Live CD not working

Evan Leibovitch evan at telly.org
Fri Dec 29 16:20:18 UTC 2006


Tee Jay Rosene wrote:
> I have a quick question regarding my desktop PC: why won't the live CD 
> work?
> I'm trying to see how 6.10 will work on my machine, but when I put the 
> CD in the drive, the Ubuntu splash screen looks all weird (sort of 
> desaturated and blotchy) and then everything just freezes as soon as 
> the Ubuntu splash screen becomes "normal" looking. When I boot back 
> into XP, however, things are peachy (well, relatively peachy, 
> considering I'm running XP!)

Hello TJ,

I doubt the problem is in the graphics card. Until you actually start X 
Windows (which is well into the boot process) Linux uses fairly standard 
video modes.

While I don't have much experience with the live CD, I have noted that 
Ubuntu (and all current versions of Linux, for that matter) are having 
problems with some motherboards using the new Intel dual core 
processors. On Intel-brand boards at least, they've changed the chipset 
for the IDE driver which critically affects being able to boot from an 
IDE-attached CDROM.

What happens is that the CD will boot only as far as the BIOS will let 
it, and then freeze because the booted system can't access the CD drive.

There is a Linux driver for the new chipset (whose interface isn't 
called IDE anymore, it's "parallel ATA or PATA") but it's not included 
on any current Ubuntu release. The challenge is getting a working 
system, onto which you can download and install the new driver. For me 
the easiest solution has been to boot/install the system from a 
USB-connected CDROM drive (the BIOS of the new motherbords support this).
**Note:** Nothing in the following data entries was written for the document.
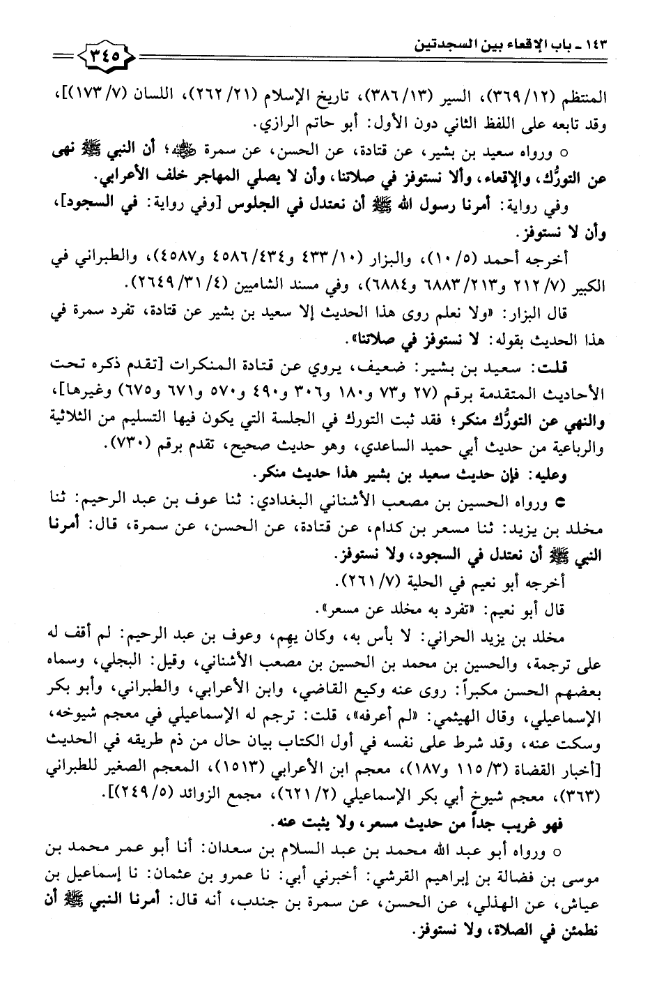 • ورواه سعيد بن بشير، عن قتادة، عن الحسن، عن سمرة - رضي الله عنه -؛ أن النبي - صلى الله عليه وسلم - نهى عن التورُّك، والإقعاء، وألا نستوفز في صلاتنا، وأن لا يصلي المهاجر خلف الأعرابي.
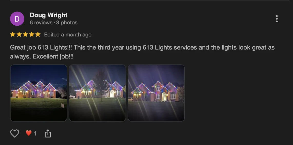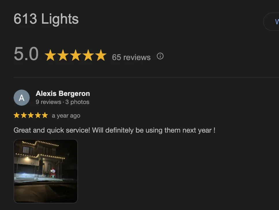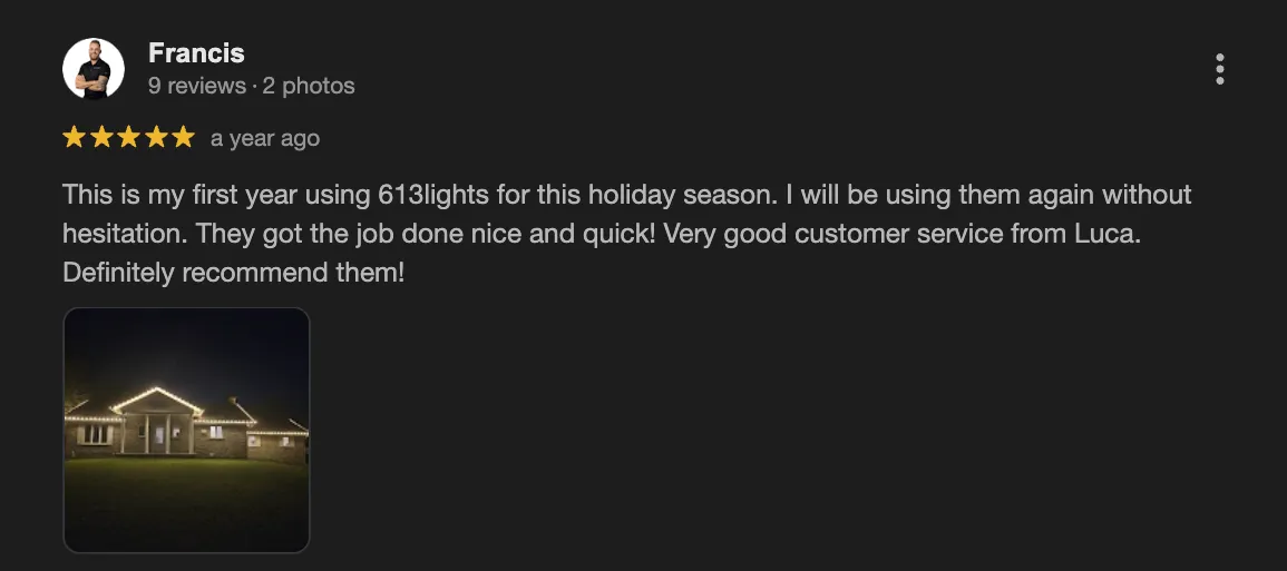 I want to first say thank you for considering 613 Lights to install beautiful lights on your Ottawa home this year.
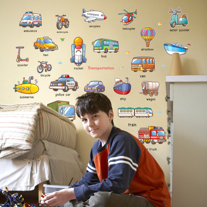 Creative cute self-adhesive children's room decorative wall stickers male treasure room bedroom bed hairpin pass car wall stickers
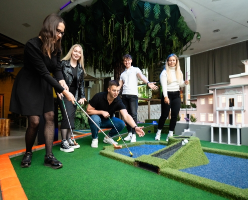 Tule mängi maailma kõige meelelahutuslikumat golfiturniiri. Sind ootab 17 eriefektidega rada, mis viivad seiklema džunglisse ning Eesti vaatamisväärsuste ja legendide vahele. Võidab see, kes toimetab palli kõige vähemate löökidega auku – nagu golfis ikka. Mängi sõprade, kolleegide või lastega – elamusgolf sobib al 7. eluaastast.
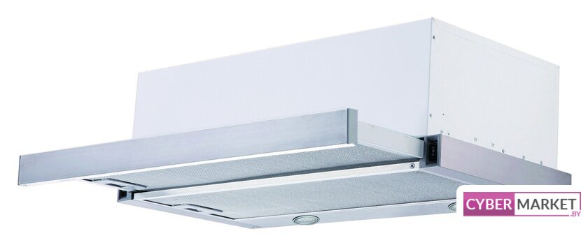 конструкция телескопическая, монтаж для встраивания, ширина 59.8 см, управление механическое/кнопочное, производительность мотора 320 м³/ч, цвет нержавеющая сталь
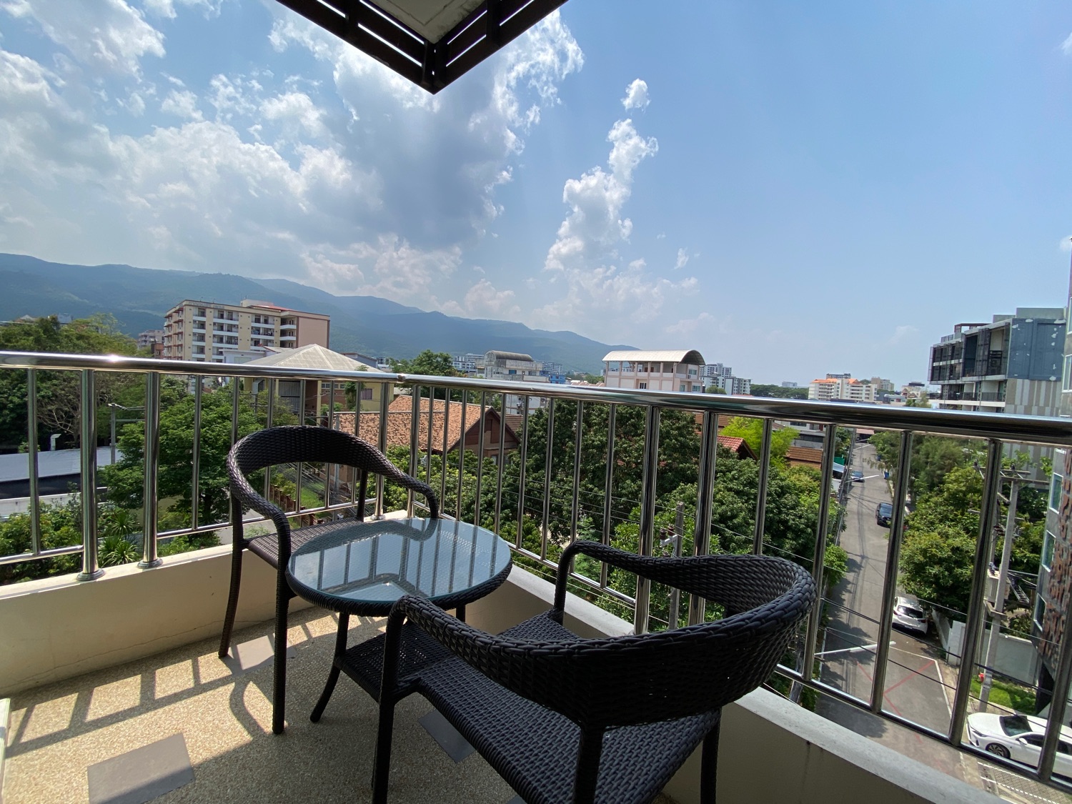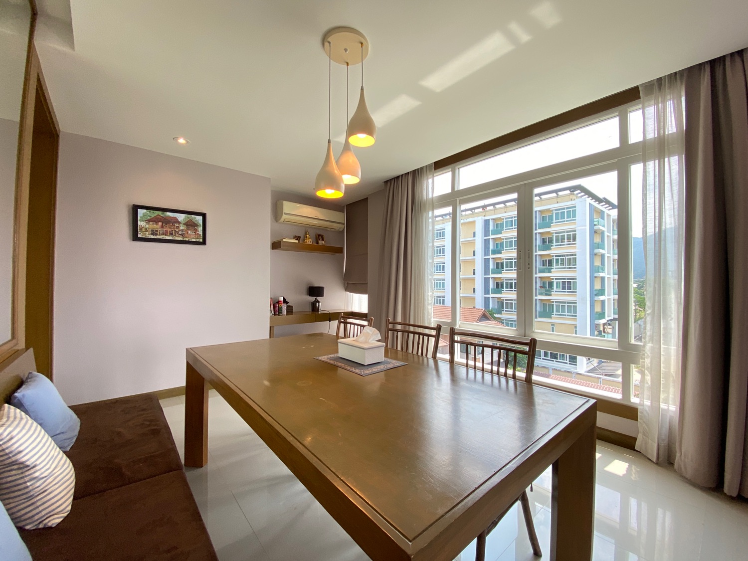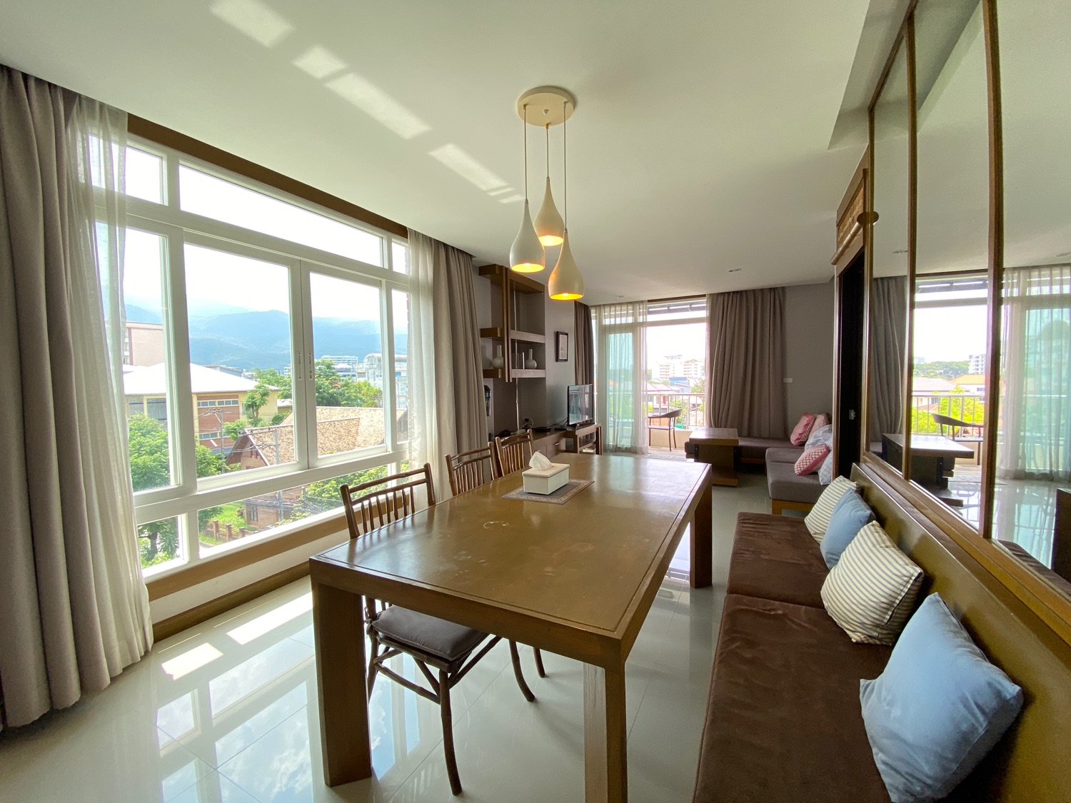 The unit is a whopping 114 Sqm and is located on the 5th floor and comes with a digital door entry. It has a very tall ceiling providing plenty of natural light and stunning views of Doi Suthep mountains. To the left is the fully fitted Western kitchen with plenty of cupboard units, a shared guest bathroom with a bathtub and access to the first bedroom that comes complete with a built-in closet. Facing the mountain view is the dining area which can also be used as a working area and a sitting area with door access to the terrace. The master bedroom comes with a built-in wall unit and closet and is ensuite with a bathtub. Spacious corner units like this are rare to come to the market and must be viewed to appreciate.
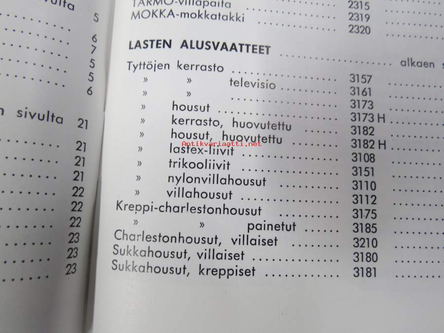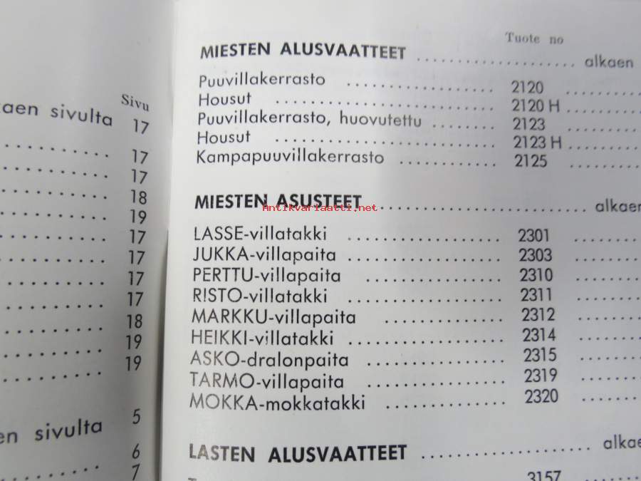 Tico syksy 1961 hinnasto - kuvitettu vaatehinnasto
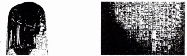 材料一 《汉谟拉比法典》石柱。上部(左图):太阳神授予汉谟拉比权标的浮雕。下部(右图):法典具体条文。
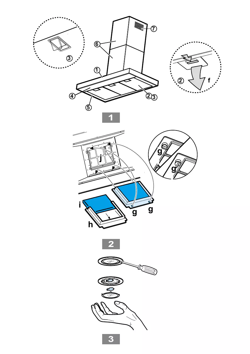 Description de la hotte Fig. 1 1 Panneau de contrôle 2 Filtre anti-graisse 3 Panneaux ramasse-graisse (prévus uniquement pour quelques modèles) 4 Lampe 5 Écran vapeurs 6 Cheminée télescopique 7 Sortie de lair (uniquement pour emploi dans la version filtrante) Fonctionnement Modèle avec contrôles électroniques

I'm not sure of this solves your problem, but I hope this can help 
reduce the grief of anyone else trying to install Linux on a new 
dual-core system. See https://launchpad.net/distros/ubuntu/+bug/67012 
for more info.

- Evan


first you need a working system onto which you can down

> Anyhow, I have a feeling this might be because I have a pretty 
> high-tech ATI graphics card, an after market add-on.
> Is there a solution to this dilemma? Even more importantly, if there 
> is a solution, will said solution cause damage to the hardware?
> A caveat: this is even before installing Ubuntu on the system!
> Now I'm not at all flaming Ubuntu; I think it's great and I have 6.10 
> running on a couple of older PCs without a hitch.